After about 2 weeks the active microbes change from bacteria dominant
to fungi dominant. As this process continues humus develops, (rotting)
which is then transformed into a humic acid.
The humic acids are referred to as Dissolved Organic Carbon, DOC.
DOC is a natural part of many fresh and saltwater ecosystems. As
the acid leaches into the water it interacts with sunlight and dissolved
oxygen and becomes unstable, decomposing into 2 single oxygen radicals.
Thereafter, the oxygen radicals form a super-oxide radical, which
then forms hydrogen peroxide in water. The hydrogen peroxide is
more stable and long lasting in freshwater. The breaking down process
of the barley then forms a continuous supply of the right form of
DOC whereby the oxidizing agents can be continuously produced.
According to the CAPM, "Concentration of hydrogen peroxide
of only 2 ppm peroxide have been demonstrated to inhibit the growth
of algae." Some reports determined that barley straw might
also act as a clarifier by flocculating fine particles in water.
How to Apply Straw
The CAPM states that the production of anti algal
activity is only produced when the straw is rotting under well-oxygenated
conditions and is near the surface of the water to properly mix
with sunlight and dissolved oxygen. Straw should be loosely packed
to benefit the breakdown process. Bales are too tightly packed and
therefore do not allow for sufficient water movement through the
straw, which will progressively become anaerobic (without oxygen)

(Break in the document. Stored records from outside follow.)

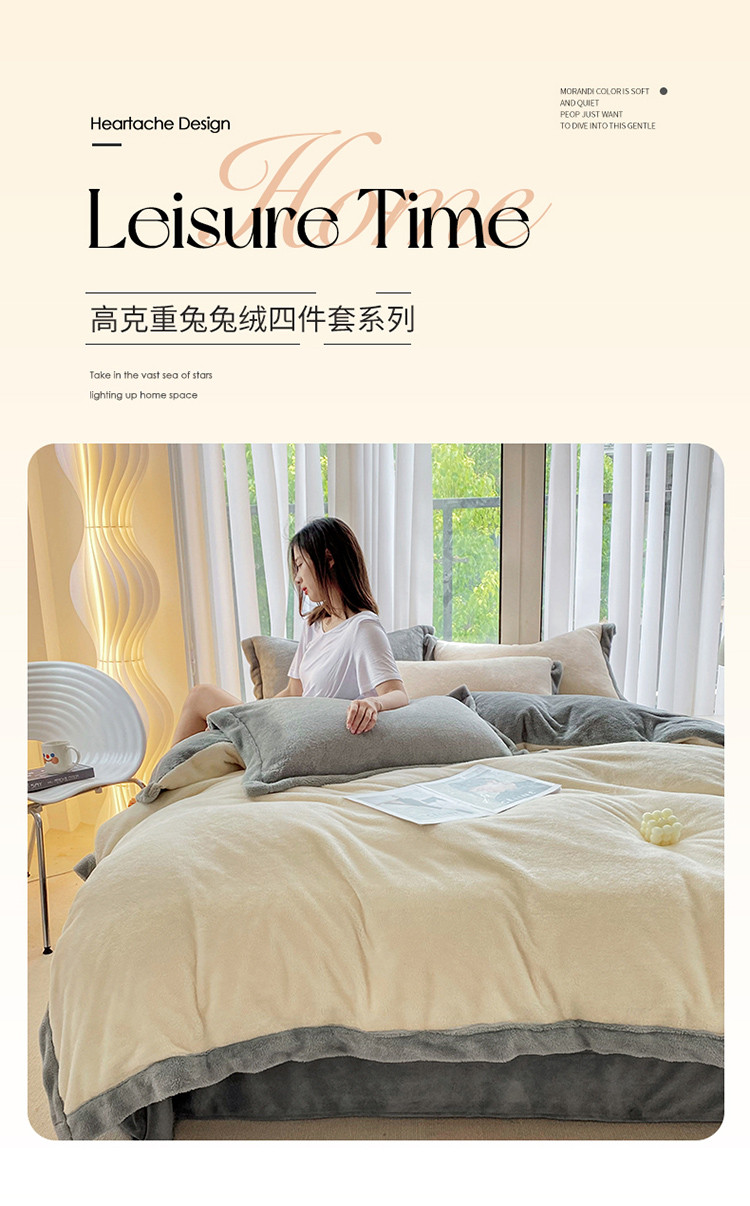 当前位置: 91家纺网 > 商品网购 > 床品套件 > 四件套 > 磨绒四件套 > 吾秀家居 2022新款兔兔绒四件套 兔兔绒-米灰
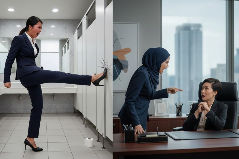 - Wanita dimarahi bos ketika dalam tandas kerana telefon pejabat berdering.
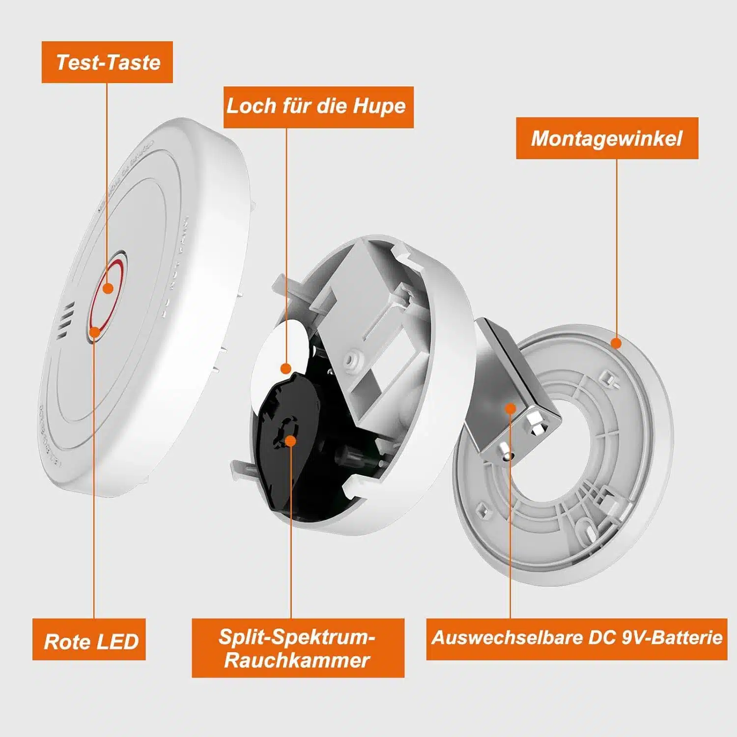 Zanesljiva detekcija dima z dolgo življenjsko dobo senzorja in zamenljivo baterijo zagotavlja varnost doma ali pisarne. Enostavna montaža z magnetnim nosilcem omogoča hitro in brezhibno namestitev brez vrtanja.
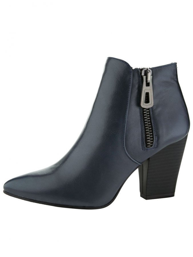 Nilkkurit, valmistettu pehmeästä nappanahasta. Ulkosyrjässä kätevä vetoketju. Miellyttävä tekstiilivuori ja mukavan tuntuinen nahkasisäpohja. Taipuisa ulkopohja, jossa on päällystetty 80 mm:n korko. Varren korkeus n. 11 cm. Lestin leveys F.
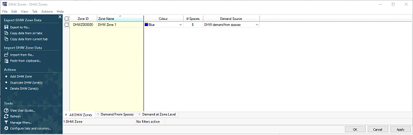Users can add zones via the ‘Add DHW Zone’ action from the left hand menu of the DHW zones tab edit view. The properties of the zones can then be edited e.g. names, etc.
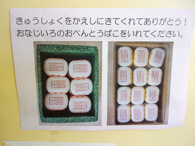 ごはんとおかず、それぞれの容器を分けて給食屋さんに返します。
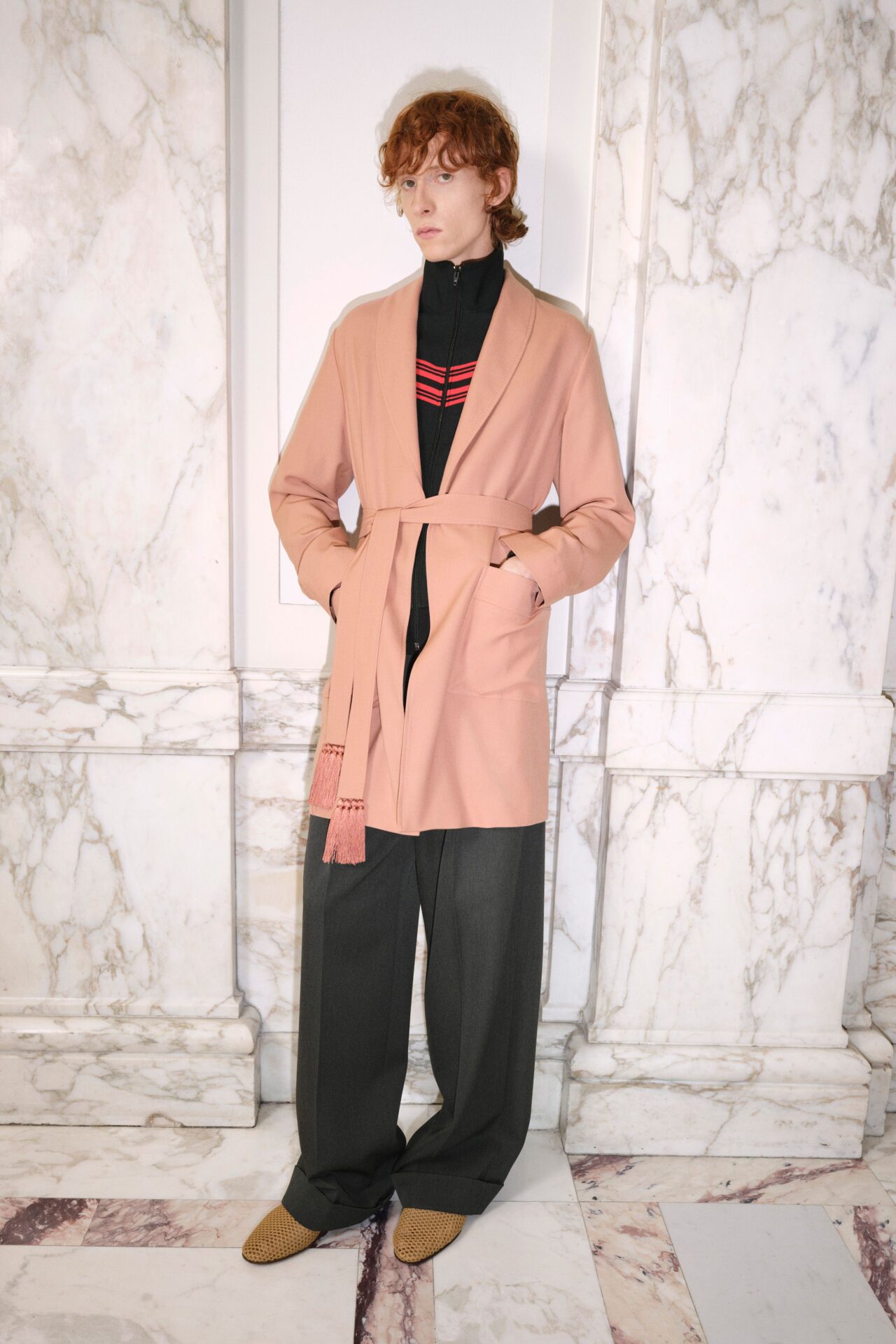 Los accesorios toman un rol clave dentro de la colección. Michele los usa como un espacio para concentrar identidad sin sobrecargar el resto del look. El Rockstud vuelve con ciertos cambios, más preciso y afilado, con guiños a Roma y a la historia de la casa. Los bolsos, especialmente el DeVain, aparecen en múltiples versiones, colores y tamaños. En el vestuario masculino sucede algo parecido: trajes más suaves, cortes relajados, colores sobrios y pequeños gestos inesperados que rompen la rigidez.

and may actually be a hazard.
Pellets sink, break down quickly and can become a mess at the pond
bottom, thus creating the very problems you want to alleviate. Since
the chemicals are only produced near the surface, barley that sinks
or is too tightly packed will have no useful effect. Further, according
to the Center, anaerobic decomposition can produce chemicals, which
actually stimulate the growth of algae because the algae can use
them as a source of carbon.
The production of hydrogen peroxide from the straw and lavender
will continue until the decomposition process is almost complete—a
process that generally lasts about four to six months. Hydrogen
peroxide in low concentrations such as those produced by the above
process has not been associated with any negative effects either
on higher plants or on invertebrate animals and fish.
Although other straws such as wheat and corn stalks have some algaecidal
properties, barley has been found to be much more effective and
to last longer, and the addition of lavender was found to enhance
Time to Effect Results
Once barley straw has become active, which usually
takes between 2 and 6 weeks, the time it takes to become effective
varies with the type of algae. According to the CAPM small single
cell algae, which turns the water green, usually disappear within
6 to 8 weeks of activity. The larger filamentous algae, known as
blanket weeds or string algae can survive for longer periods and
may not be controlled adequately in the first season if the straw
is added too late in the growing season when algae growth is dense.
It is therefore, preferable to add the straw very early in the spring
before algal growth starts. Barley Straw should be replaced approximately
every four to six months or sooner if the straw fully decomposes
before that time.
How Much Straw to Use
The CAPM found that the most important measurement
in calculating the quantity of straw required is the surface area
of the water. The volume of water doesn’t appear to affect
the performance of the straw as might be expected. This is because
the majority of algae growth takes place in the surface layers of
the water and so it’s not necessary to measure the depth of
the water or its volume when calculating the quantity of straw needed.
In still and small pond waters the dosage of straw should be 50
grams (approximately 2oz.) per square meter of water surface area.
Once the algae problem has been reduced, continued additions of
straw should be maintained throughout the year. If the straw starts
to smell, it should be removed and replaced. It is an indication
that there was too much straw for too little water.The re-discovery
of this completely organic and non-toxic solution to an ugly problem
that affects most pond or lake owners is truly welcome.